URI:
       # taz.de -- „Querdenken“-Demos mit Nazi-Symbolik: Das Angesicht der Dummheit
       
       > Es ist leicht, Donald Trump auszulachen. Doch auch bei uns lässt der
       > Schrecken der Vergangenheit nach und die Vernunft verliert an Boden.
       
   IMG Bild: Verdenken sich leider manchmal: Bodo Schiffmann und andere Querdenker bei einer Demo in Schwerin
       
       Ok, wir haben keinen Donald Trump, [1][Angela Merkel scheint eine recht
       vernünftige Frau, im Vergleich]. Wir sind nicht wie Amerikaner, wir sind
       vernünftige Menschen, im Vergleich.
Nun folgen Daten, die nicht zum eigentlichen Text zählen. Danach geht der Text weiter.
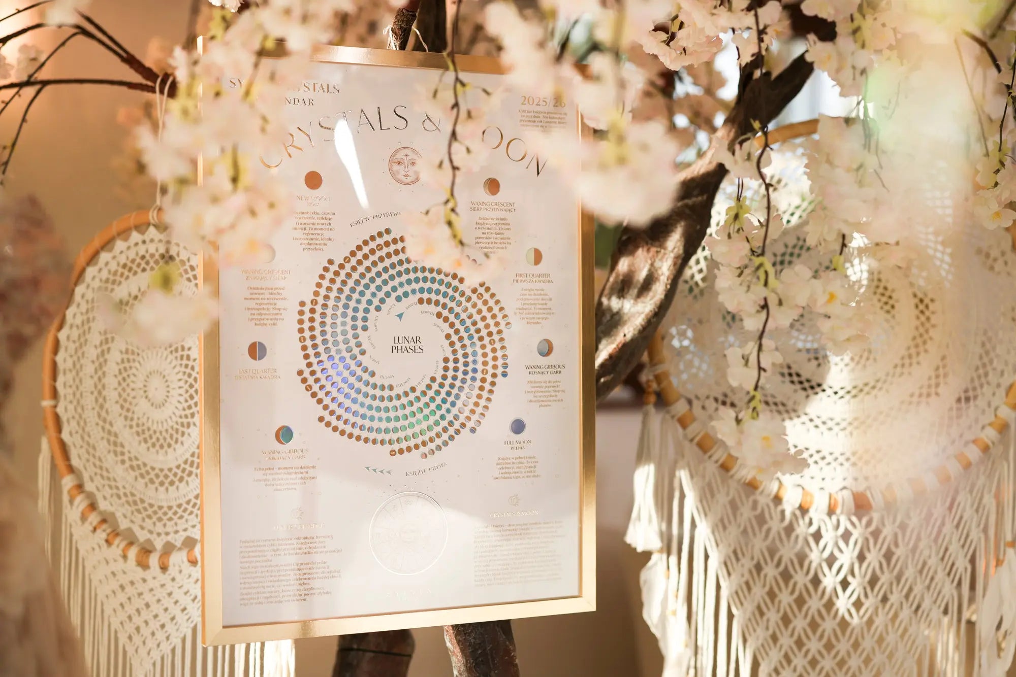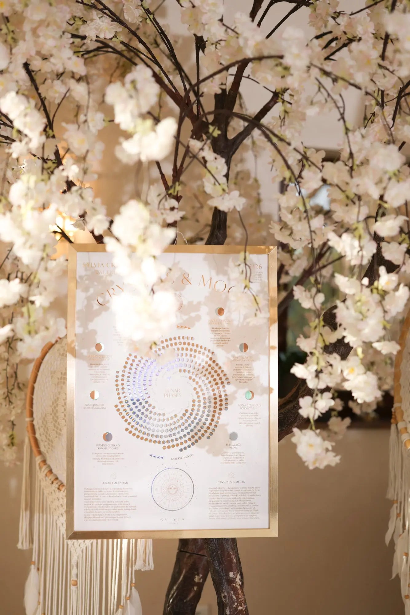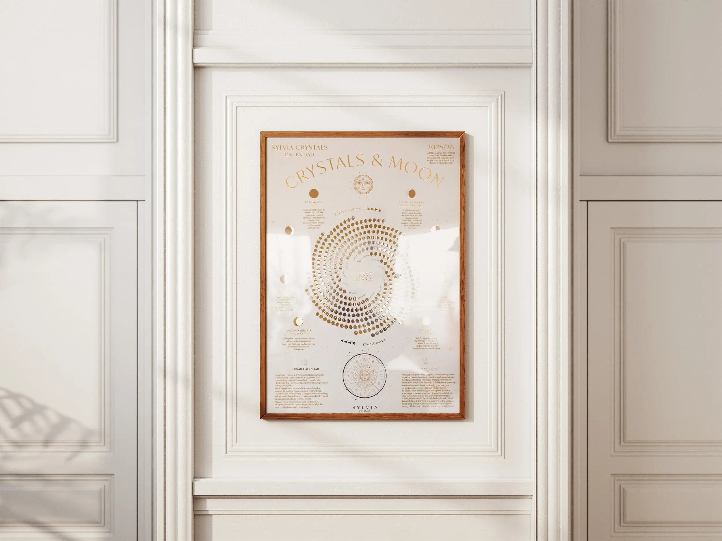 Designed with the highest attention to detail, the calendar features premium printing enhancements, including gold accents and holographic techniques, creating spectacular visual effects. The Moon phases subtly shift with light and perspective, making the calendar visually dynamic, ensuring it never looks the same throughout the day. Framed in a sturdy, gold A2 frame, it serves not only as a practical tool but also as an elegant interior decoration.
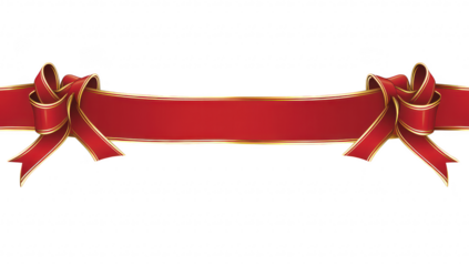 Red Ribbon Banner with Gold Trim Isolated on Transparent Background graphic design

Und dieses ganze Vergleichen macht,
       dass wir uns besser fühlen. Unsere Welt ist vernünftiger und deshalb
       sicherer. Unsere Welt ist eine Welt, in der wir Donald Trump auslachen,
       fast schon einhellig, gemeinsam, von ein paar Verirrten mal abgesehen.
       
       Denn das Verstörendste an Donald Trump ist gar nicht seine Politik, die man
       fast schon gewöhnt ist, von den USA, [2][das Verstörendste ist sein
       irrationales Verhalten.] Seine kindlich schlichten, sich widersprechenden
       Sätze, die Dummheit ist das Verstörende, die triumphierende Infantilität.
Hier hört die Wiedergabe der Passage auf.